> _Records to use_
○ ○ ○ ○ ○ ○ ○

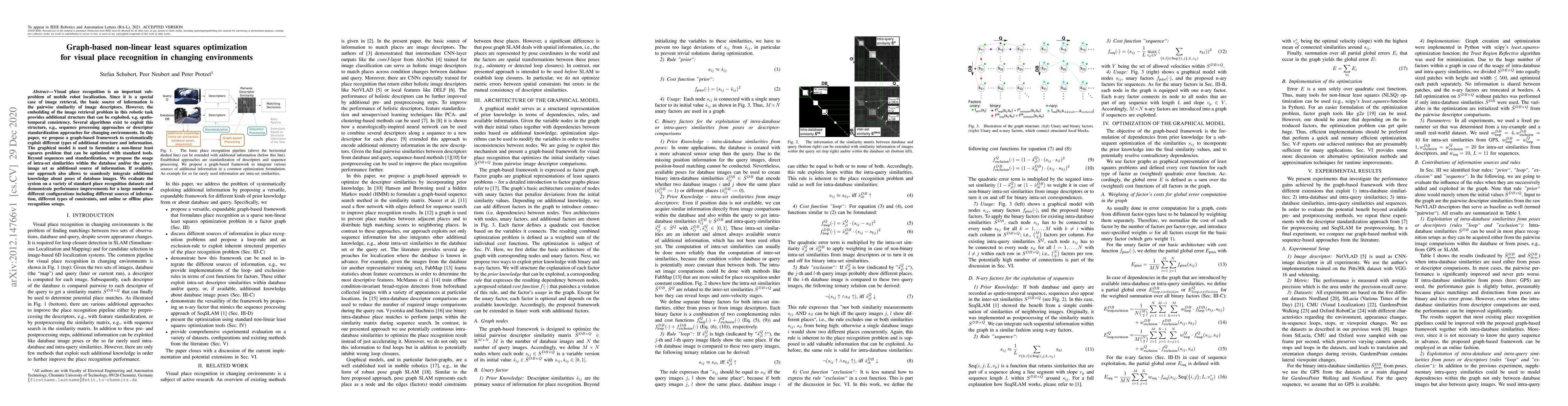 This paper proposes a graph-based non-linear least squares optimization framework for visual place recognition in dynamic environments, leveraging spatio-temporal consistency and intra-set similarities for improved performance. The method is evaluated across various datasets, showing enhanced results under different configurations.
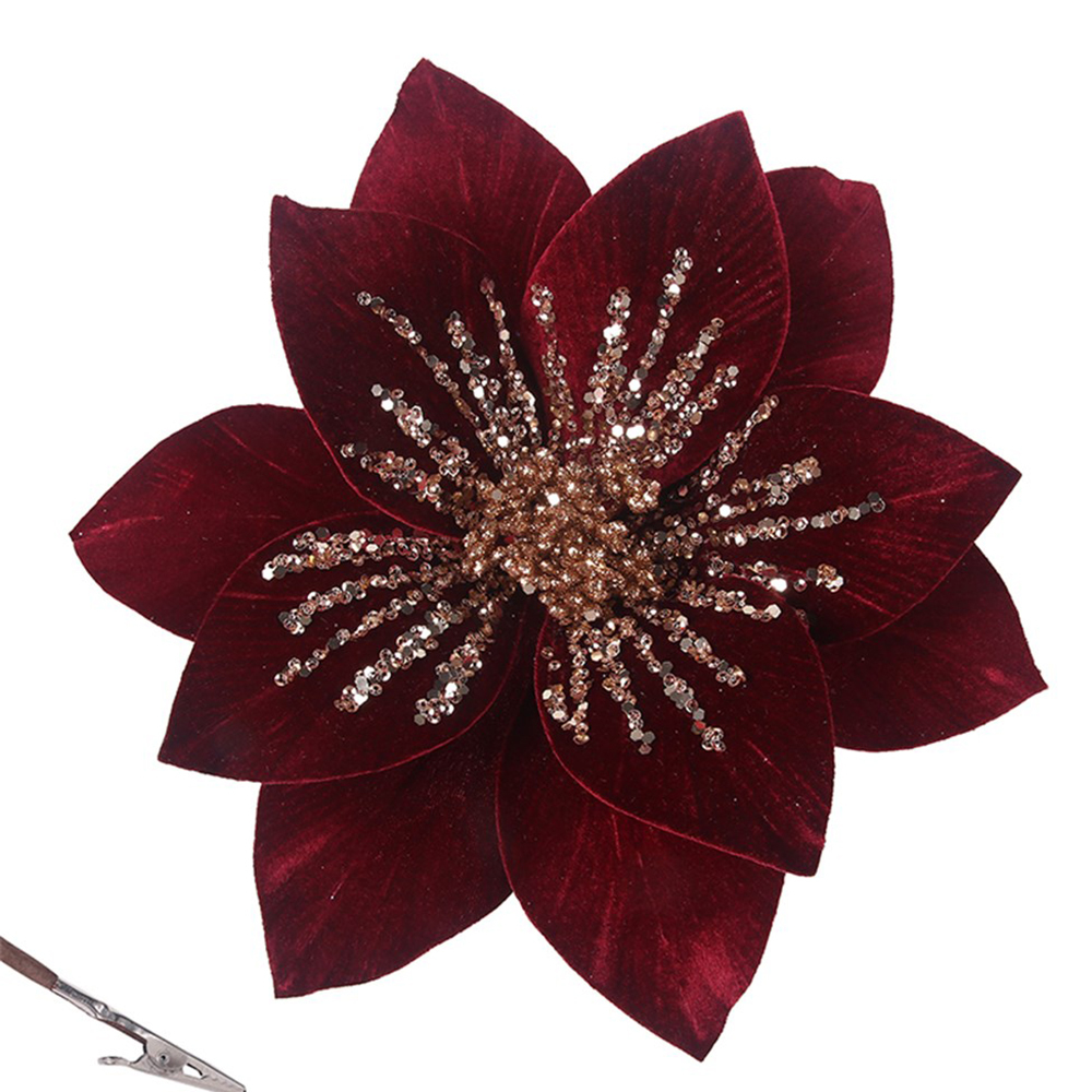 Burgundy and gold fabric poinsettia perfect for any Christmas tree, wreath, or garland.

○ ○ ○ ○ ○ ○ ○

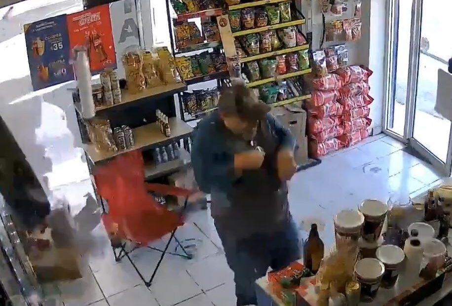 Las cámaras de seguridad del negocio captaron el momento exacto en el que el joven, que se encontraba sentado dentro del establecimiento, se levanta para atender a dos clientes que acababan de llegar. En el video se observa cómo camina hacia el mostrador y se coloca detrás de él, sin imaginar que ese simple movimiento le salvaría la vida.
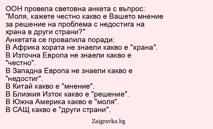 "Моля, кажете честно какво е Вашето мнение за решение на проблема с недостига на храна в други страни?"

○ ○ ○ ○ ○ ○ ○

> _Exercise brief_
In the listing above, find the line with "Las cámaras de" and output it and every line after it up to and including the line with "кажете честно какво", exactly, minus the pictures.

> _Solution_
 Las cámaras de seguridad del negocio captaron el momento exacto en el que el joven, que se encontraba sentado dentro del establecimiento, se levanta para atender a dos clientes que acababan de llegar. En el video se observa cómo camina hacia el mostrador y se coloca detrás de él, sin imaginar que ese simple movimiento le salvaría la vida.
 "Моля, кажете честно какво е Вашето мнение за решение на проблема с недостига на храна в други страни?"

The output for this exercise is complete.